> Records for this task:
"""

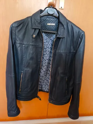Elegante chaqueta de piel para mujer. - Diseño clásico con cuello - Cierre de cremallera frontal - Bolsillos con cremallera - Forro interior estampado
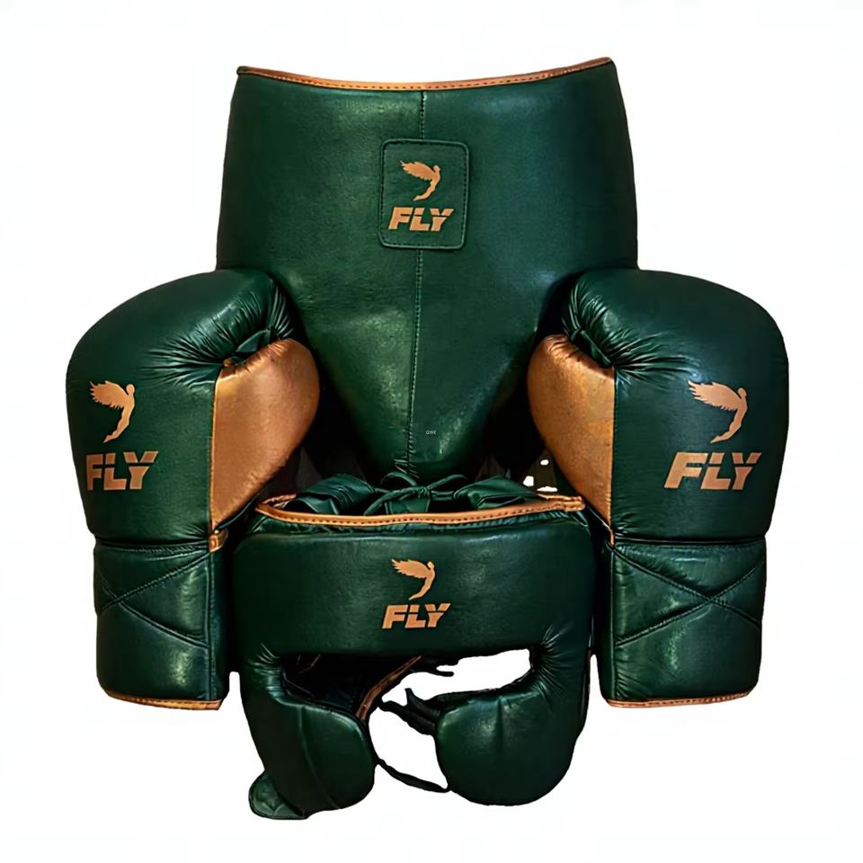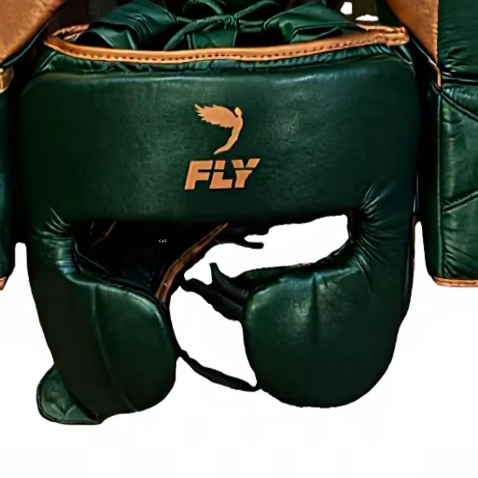 ชุดอุปกรณ์ป้องกันศีรษะและอวัยวะเพศชายสำหรับชกมวย หนังแท้ คุณภาพระดับมืออาชีพ สีเขียวทอง ระบายอากาศได้ดี ทนทาน ใหม่เอี่ยม
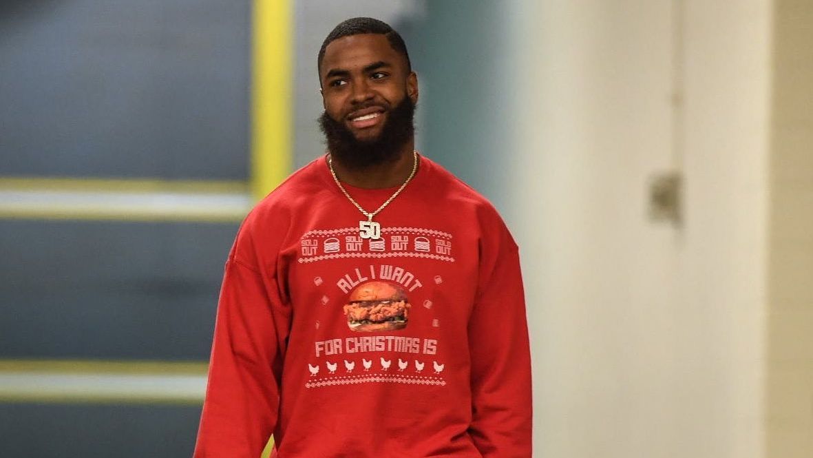 Kenjon Barner shows off his love for modern holiday classic “Elf” with festive socks:
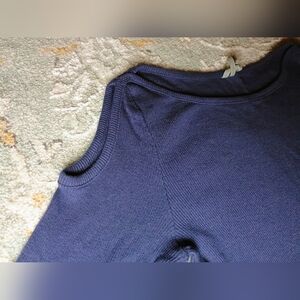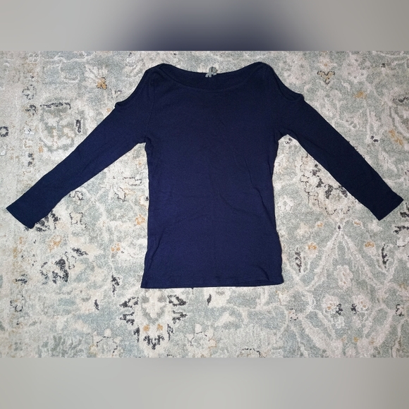 Anthropologie | Open-Shoulder 3/4 Sleeve Tee | Size XS | Navy
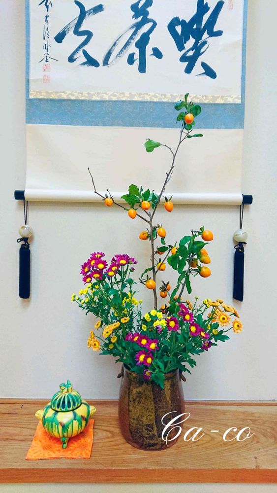 老鴉柿🟠🍃の素敵な生花ですね👏
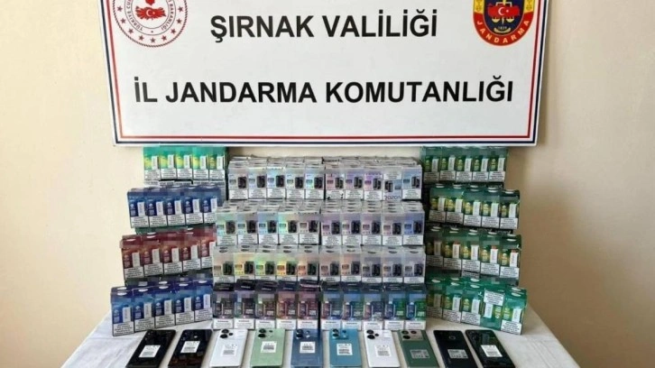Şırnak İl Jandarma Komutanlığı Kaçakçılık ve Organize Suçlarla Mücadele Şube Müdürlüğünce Silopi, Cizre ve İdil ilçelerinde yapılan operasyonlarda, 6 adet cep telefonu, 3 adet uyuşturucu kullanma aparatı, 6 bin 367 adet bandrolsüz sigara, 347 adet elektronik sigara, 184 adet kaynak makinesi, 44 adet ayakkabı, 22 adet elektronik eşya, 267 inşaat malzemesi, 660 adet anahtar takımı, 110 adet muhtelif ev-büro eşyası, 3 bin 174 adet el aletleri, 288 adet kozmetik malzemesi, 780 adet mutfak eşyası, 184 adet kaynak makinesi, 4 adet sikke, 1 adet yüzük ele geçirildi.
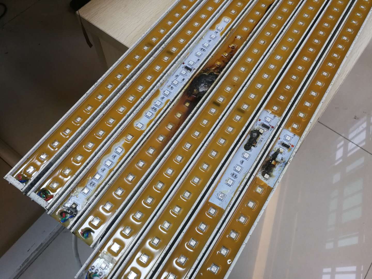 近期就有一個(gè)客戶寄回來一批燈具要維修,反饋說安裝完畢亮燈之后啪地一聲就燒糊了,經(jīng)檢查發(fā)現(xiàn)原來是有一個(gè)工人新入隊(duì)的不了解,沒看線路安裝圖,以為直接接電就可以,結(jié)果接了220V電直接導(dǎo)致燈具燒毀。
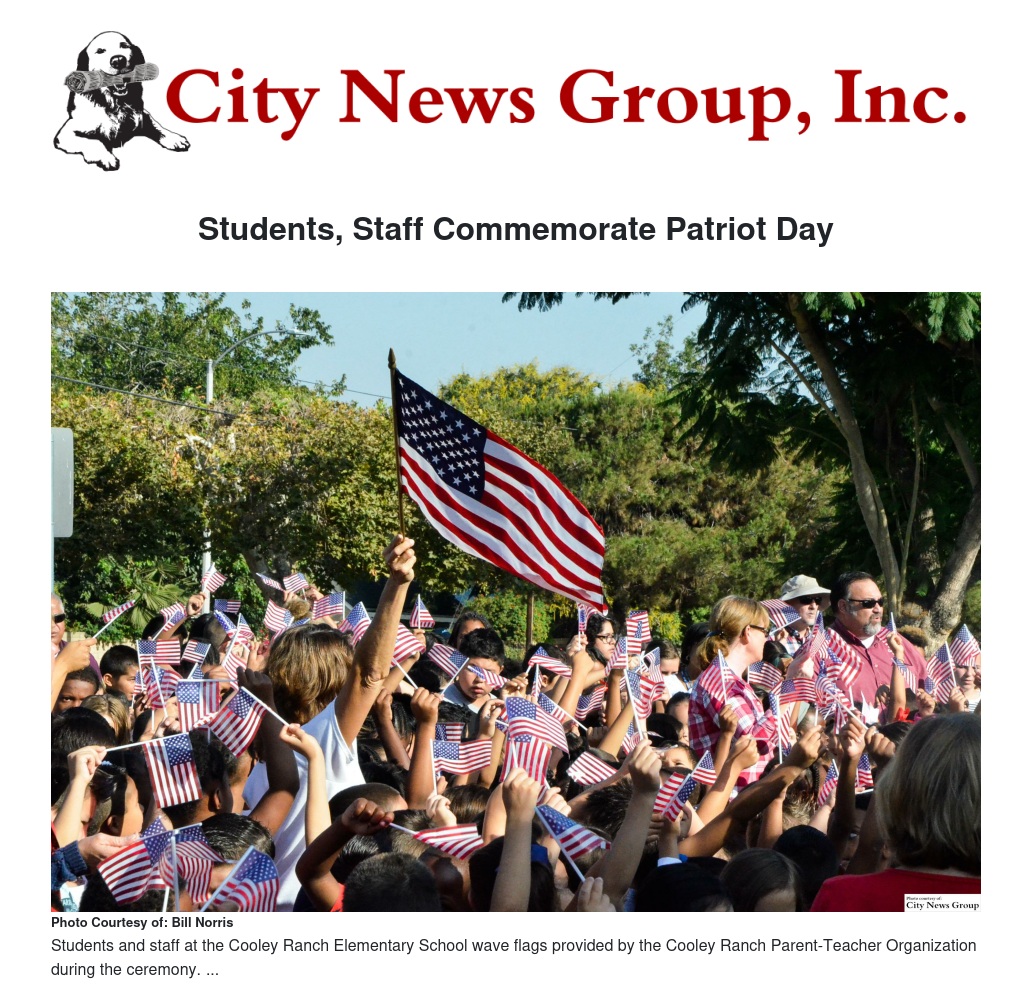 Held Sept. 9, Cooley Ranch Elementary’s Patriot Day ceremony was presented by the school’s K-Kids club, a student chapter of the Kiwanis Club and the remembrance has become an annual event.
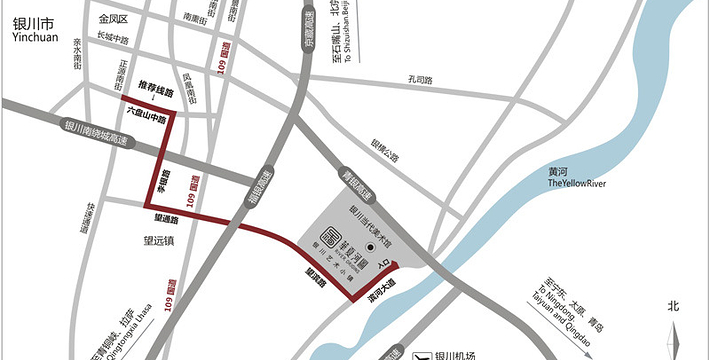 2.起点:银川南绕城-望远出口(望远互通立交桥)——景区:向正南方向出发,沿G109方向行驶向行驶2.3公里至望滨路交汇处,左转进入望滨路向东南行驶8.8公里至滨河大道交汇处,左转进入滨河大道向东北行驶2.8公里处,向北转入行驶2公里到达景区。
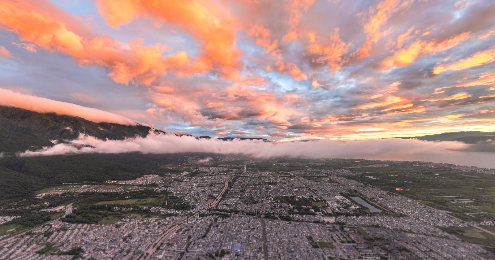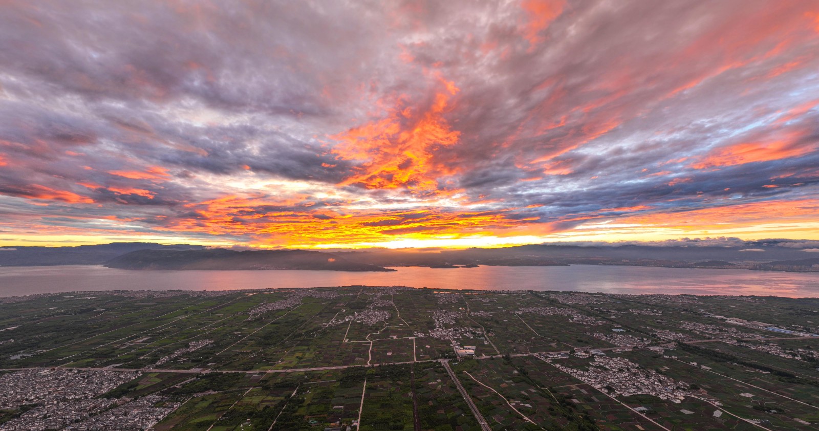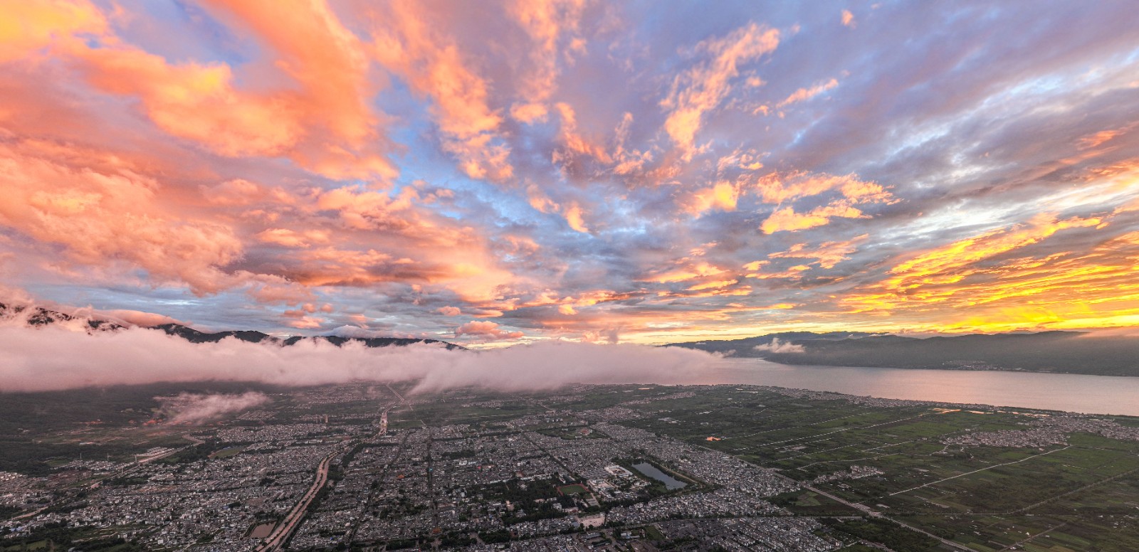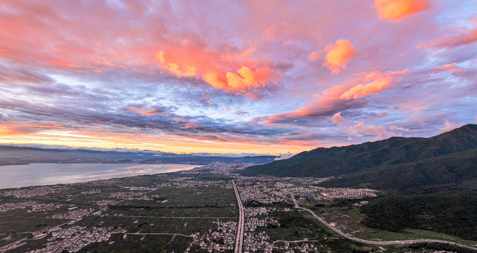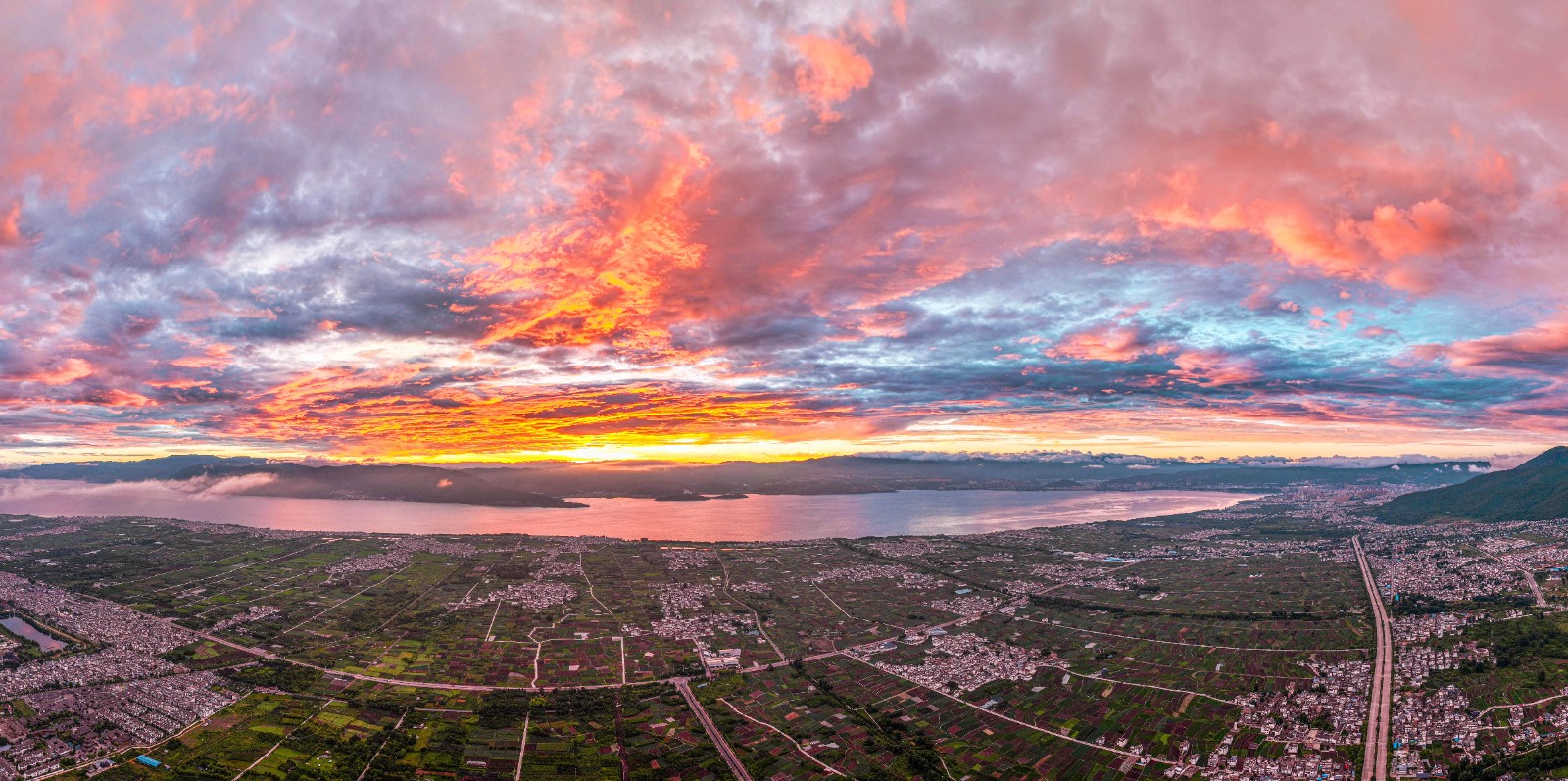 美!苍山洱海红霞满天
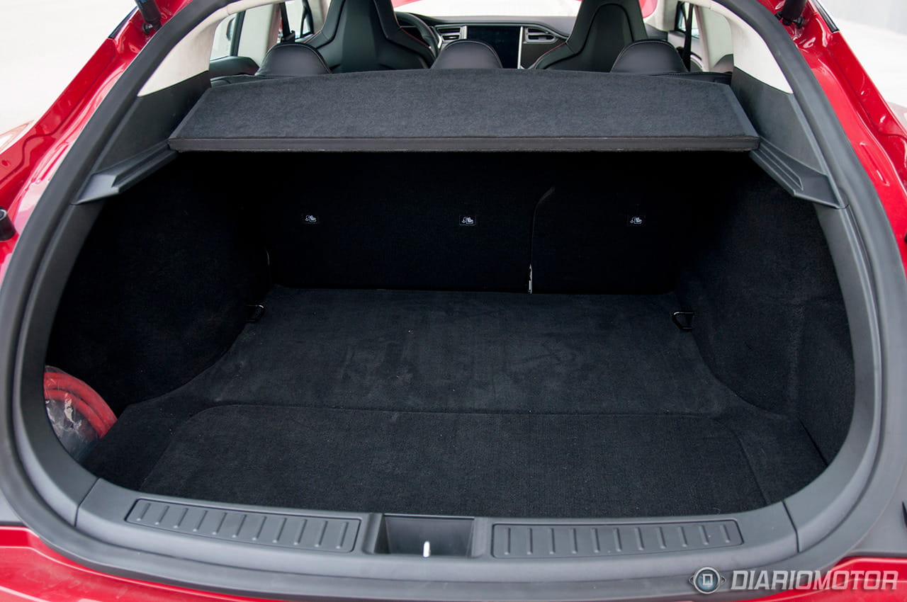 Otro hecho sorprendente es que el Tesla Model S cuenta con dos maleteros. Con las baterías distribuidas bajo el piso y el motor en el mismo tren trasero, el Model S no solo se permite el lujo de ofrecerte un inmenso maletero de más de 740 litros, con portón y fácilmente ampliable abatiendo asientos. Cuenta con apertura eléctrica y un botón instalado en el portón para tal efecto.
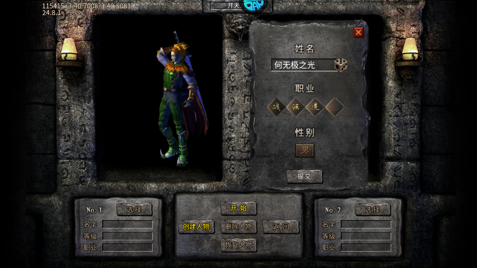 玩家本站下载并打开游戏之后,会进入到角色创建页面,玩家可以在战士、法师、道士三个角色内选择一个自己喜欢的角色进行创建。
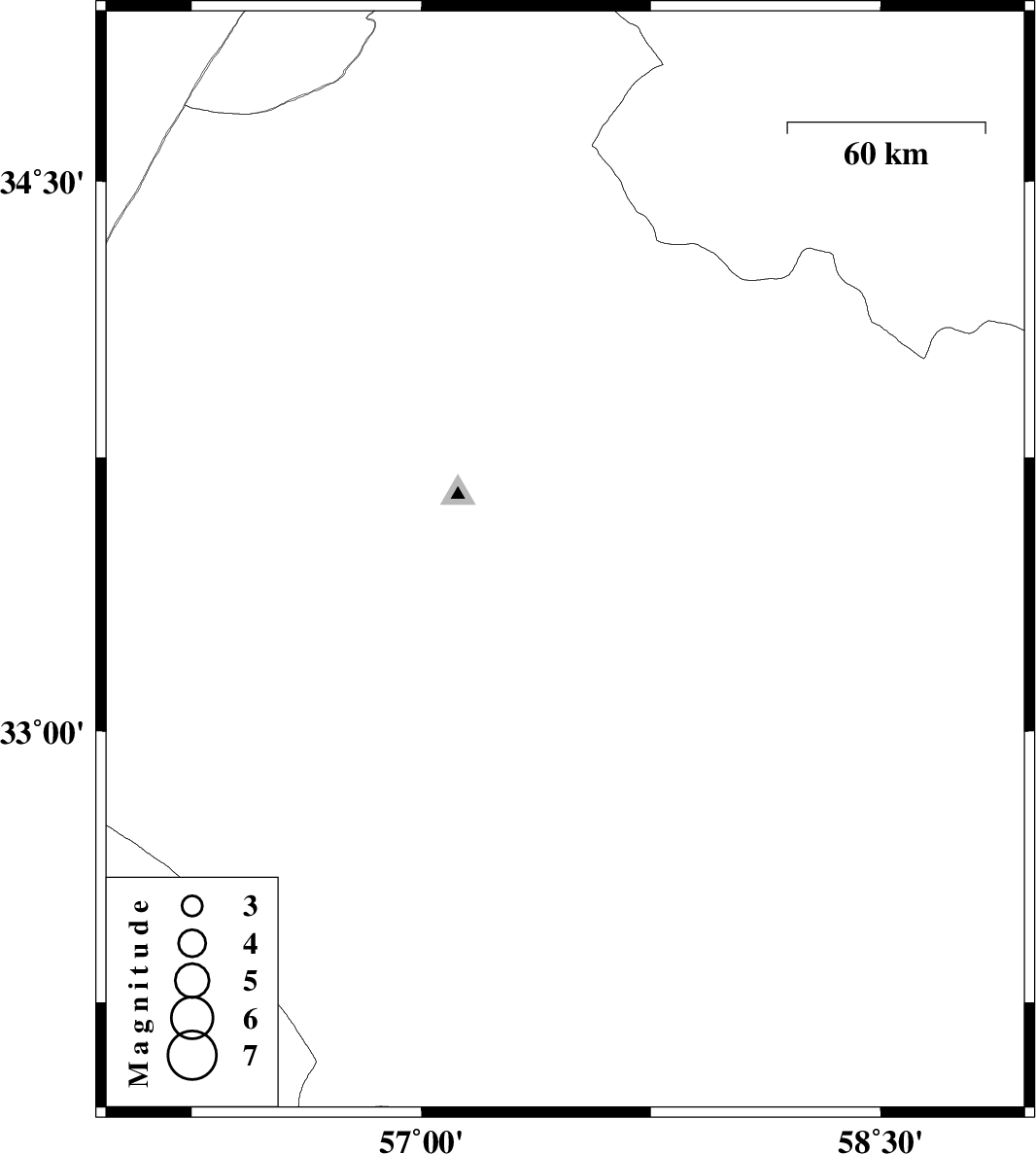 | 2012/08/09 | 11:06:40.6 | 15:36:40.6 | 33.46 | 57.47 | 11 | ML:2.7 | Yazd Province, 53 km South-East of Tabas |

"""

> Work to complete: Write the data above out again exactly, minus its pictures.

> Answer section:
Elegante chaqueta de piel para mujer. - Diseño clásico con cuello - Cierre de cremallera frontal - Bolsillos con cremallera - Forro interior estampado
 ชุดอุปกรณ์ป้องกันศีรษะและอวัยวะเพศชายสำหรับชกมวย หนังแท้ คุณภาพระดับมืออาชีพ สีเขียวทอง ระบายอากาศได้ดี ทนทาน ใหม่เอี่ยม
 Kenjon Barner shows off his love for modern holiday classic “Elf” with festive socks:
 Anthropologie | Open-Shoulder 3/4 Sleeve Tee | Size XS | Navy
 老鴉柿🟠🍃の素敵な生花ですね👏
Şırnak İl Jandarma Komutanlığı Kaçakçılık ve Organize Suçlarla Mücadele Şube Müdürlüğünce Silopi, Cizre ve İdil ilçelerinde yapılan operasyonlarda, 6 adet cep telefonu, 3 adet uyuşturucu kullanma aparatı, 6 bin 367 adet bandrolsüz sigara, 347 adet elektronik sigara, 184 adet kaynak makinesi, 44 adet ayakkabı, 22 adet elektronik eşya, 267 inşaat malzemesi, 660 adet anahtar takımı, 110 adet muhtelif ev-büro eşyası, 3 bin 174 adet el aletleri, 288 adet kozmetik malzemesi, 780 adet mutfak eşyası, 184 adet kaynak makinesi, 4 adet sikke, 1 adet yüzük ele geçirildi.
 近期就有一個(gè)客戶寄回來一批燈具要維修,反饋說安裝完畢亮燈之后啪地一聲就燒糊了,經(jīng)檢查發(fā)現(xiàn)原來是有一個(gè)工人新入隊(duì)的不了解,沒看線路安裝圖,以為直接接電就可以,結(jié)果接了220V電直接導(dǎo)致燈具燒毀。
 Held Sept. 9, Cooley Ranch Elementary’s Patriot Day ceremony was presented by the school’s K-Kids club, a student chapter of the Kiwanis Club and the remembrance has become an annual event.
 2.起点:银川南绕城-望远出口(望远互通立交桥)——景区:向正南方向出发,沿G109方向行驶向行驶2.3公里至望滨路交汇处,左转进入望滨路向东南行驶8.8公里至滨河大道交汇处,左转进入滨河大道向东北行驶2.8公里处,向北转入行驶2公里到达景区。
 美!苍山洱海红霞满天
 Otro hecho sorprendente es que el Tesla Model S cuenta con dos maleteros. Con las baterías distribuidas bajo el piso y el motor en el mismo tren trasero, el Model S no solo se permite el lujo de ofrecerte un inmenso maletero de más de 740 litros, con portón y fácilmente ampliable abatiendo asientos. Cuenta con apertura eléctrica y un botón instalado en el portón para tal efecto.
 玩家本站下载并打开游戏之后,会进入到角色创建页面,玩家可以在战士、法师、道士三个角色内选择一个自己喜欢的角色进行创建。
 | 2012/08/09 | 11:06:40.6 | 15:36:40.6 | 33.46 | 57.47 | 11 | ML:2.7 | Yazd Province, 53 km South-East of Tabas |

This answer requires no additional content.